RU2490430C1 - Procedure for oilfield pipeline operation - Google Patents

Abstract

FIELD: oil and gas industry.

SUBSTANCE: in compliance with the procedure qualitative and quantitative composition is defined for water produced at the well mouth or at output from a measuring group unit; concentration is calculated for mixed salts in water coming to the well from different sources considering periodicity of operation for one well or a group of wells in the collecting pipe or a measuring group unit. Calculation of the reaction termination of hard salts formation in a place of measurement, formed at mixture of different waters. A fluid flow velocity on the pipeline and place of depositions of salts is defined. The conclusion about working capacity of the equipment is made. Operation mode is changed for one well or for a group of wells in order to reach concentration of barium sulphate salts mixture at a measuring point less than 0.1 g/l according to calculation results. At that flow rate of the fluid in the pipeline is defined against an analytical expression. Shutdown of wells is considered as a varied mode of their operation. During shutdown period these wells are used for another purpose.
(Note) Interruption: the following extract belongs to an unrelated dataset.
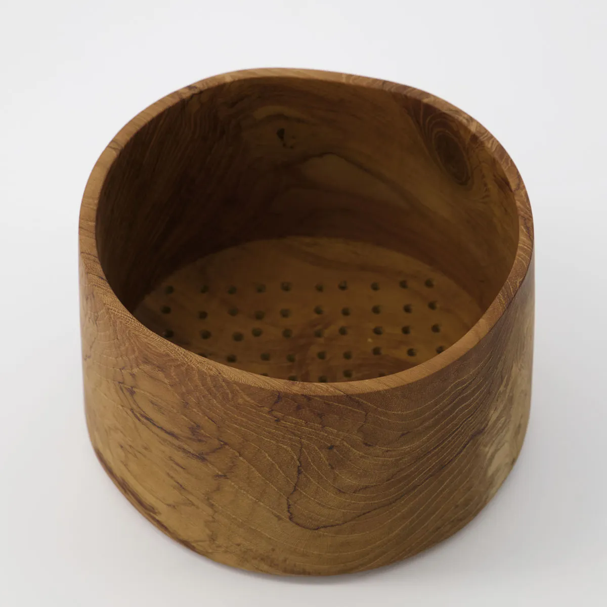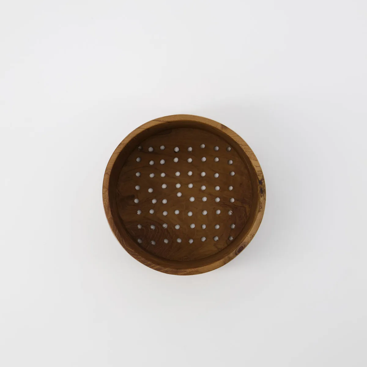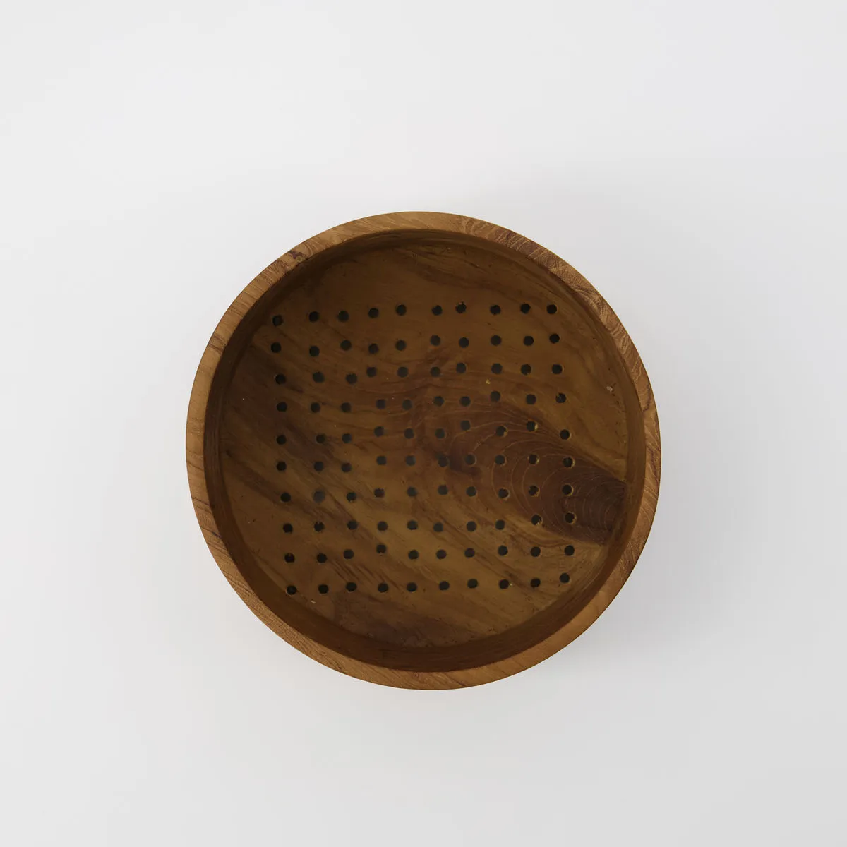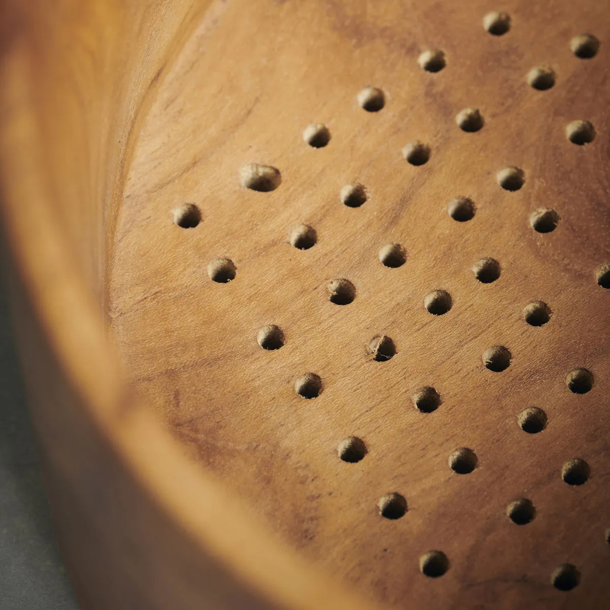 The modern wooden bowl Berry Bowl in teak is delightfully uneven and adds a softness to the kitchen in contrast to steel. The bowl has ventilation holes in the bottom, allowing you to store onions, garlic, or berries in it without it being too tight. The bowl can also be used for storing small items in the hallway, bathroom, living room, or bedroom. Three size options.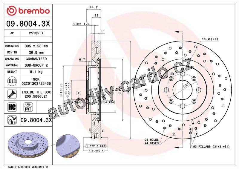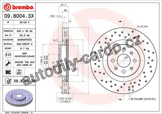 | Typ brzdového kotouče: | děrováno / vnitřně větráno |

EFFECT: working efficiency of oilfield pipeline at active scale build-up.

1 ex, 4 tbl, 1 dwg

Description

The invention relates to the oil industry and may find application in the detection of scaling in the oil pipeline.

A known method of monitoring the technical condition of the well, which consists in pumping "labeled" fluid and measuring radioactivity before and after pumping. A precipitator of radioactive isotopes is sequentially pumped into the well, for example, an aqueous solution of sodium hydroxide and a “labeled” solvent — a 10% aqueous solution of hydrochloric acid activated by radioactive isotopes, the solvent being separated from the precipitator and process water by pillows from an organic liquid (RF Patent No. 357538 , published. 2000.01.20).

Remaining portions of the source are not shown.